The type of impairment is different for women and men, with women more likely to
experience degenerative conditions, while men are more likely to experience injury-
related events.

Social Space

People with disabilities are more likely to experience public spaces as intimidating and
dangerous.

Private Pattern:

Dependence

Disabled women are more likely to be living on their own, or in their parental family than
men.

Marital Status

Disabled women are more likely to be divorced and less likely to marry than men with
disabilities.

Sexual Urges and Violence

People with disabilities are more likely to experience sexual violence in relationships and
in institutions. They experience more extreme social categorization, being more likely to
be seen either as hypersexual and uncontrollable, or desexualized and inert.

Gender has been widely used within the humanities and social sciences as both a
means to categorize differences, and as an analytical concept to explain differences.
In both the humanities and social sciences, feminist disability studies have emerged
partly because of attempts to explain gendered experience of disability and partly as a
challenge to contemporary feminist theory on gender.

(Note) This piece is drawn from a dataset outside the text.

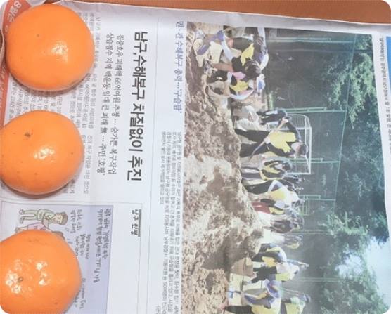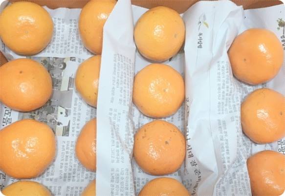 tip) 귤 보관법 신문지를 깔고 그 위에 귤을 한꺼번에 많이 놓는 것이 아니라 제일 밑바닥에 신문지를 깔았다면 귤은 3~4개만 올려줍니다. 그리고 그 위에 신문지를 올려주는데 좀 전에 있었던 귤 바로 옆에 3~4개를 또 놔두는 겁니다.

The Social Lens of Gender and Disability

Sociological accounts of gender and disability stress the systemic nature of the social
order, and its reinforcement of powerful social institutions and their capacity to enact
and impose definitions and allocate resources. For disabilities the most central
institutions remain those associated with the medical profession, rehabilitation, and
social support. Many other institutions also reproduce patterns of gender discrimination
- such as education, employment, and transport. One of the most potent patterns of
discrimination is in the access to and use of public space.

The social relations of gender and the social relations of disability are now viewed as
much more complex and nuanced. The social model of disability has demonstrated
that wider power relations (e.g. class relations in capitalist societies) significantly affect
the pattern of disability disadvantage - making disability survival into a lottery critically
affected by the individual’s income and other material resources. Because the model
drew on political economy it emphasized political and economic processes that
generate disabling environments. These patterns together with conventional norms of
femininity have hindered the quest for independence for women with disabilities.
Women thus confront major obstacles not only in relation to overcoming disabling
environments, but also in achieving equal outcomes as men similarly disabled.